Pope Francis poses for photographs along with Canadian Prime Minister Justin Trudeau and his wife Sophie Gregoire-Trudeau (Getty images)

Canadian Prime Minister Justin Trudeau claims he asked Pope Francis to help Canadians “move forward on a real reconciliation” with the country’s indigenous people “by issuing an apology” on behalf of the Catholic Church for its role in harming their communities.

The prime minister spoke to a handful of reporters in Rome’s Villa Borghese Park May 29 after having had a 36-minute private meeting with Pope Francis at the Vatican.

“He reminded me that his entire life has been dedicated to supporting marginalised people in the world, fighting for them,” the prime minister said, adding the Pope said that “he looked forward to working with me and with the Canadian bishops to figure out a path forward together.”

The 2015 report of Canada’s Truth and Reconciliation Commission, which focused on past treatment of the indigenous communities, included a recommendation that the Pope come to Canada to apologise on behalf of the Catholic Church for its participation in the residential schools for indigenous children.

While the idea behind the schools was to promote the greater integration of indigenous communities into modern Canadian life, the schools — many run by Catholic religious orders — led to a situation in which many children were separated from their families, lost their native language and cultures and occasionally suffered abuse.

Trudeau told reporters he invited the pope to go to Canada “in the coming years,” but added no further details about such a trip.
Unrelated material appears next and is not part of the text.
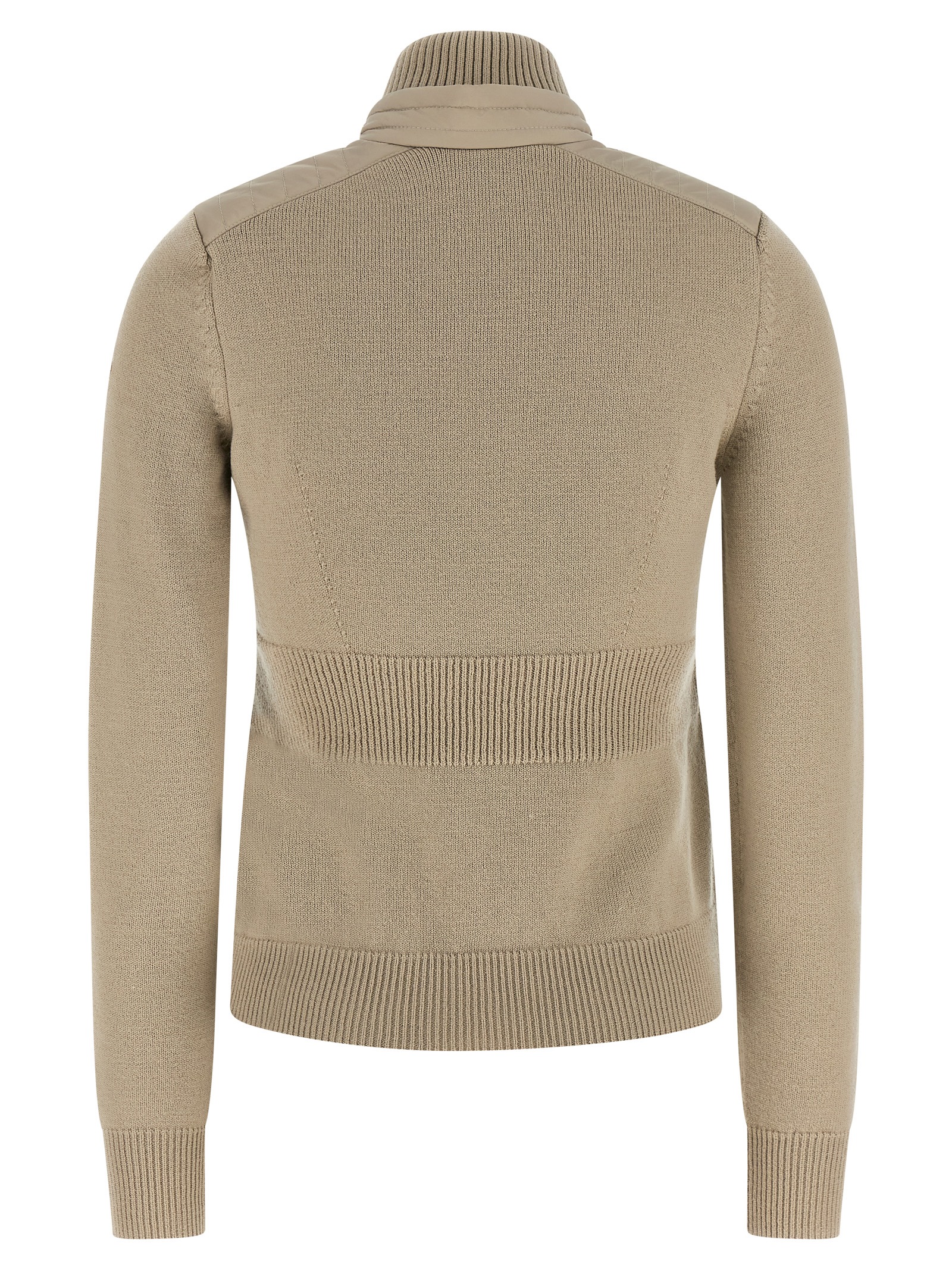 Кардиган из эластичной шерстяной смеси с микрорипстоп-вставкой спереди и наполнителем из гусиного пуха, двойным высоким воротником, застежкой на молнию и кнопки спереди, длинными рукавами с манжетами и нашивкой с логотипом.

The Vatican meeting, Trudeau said, was an opportunity to have “a deeply personal and wide-ranging, thoughtful conversation with the leader of my own faith.”

For its part, the Vatican issued a statement saying that the prime minister’s meetings with the pope and with Cardinal Pietro Parolin, Vatican secretary of state, included “the themes of integration and reconciliation, as well as religious freedom and current ethical issues.”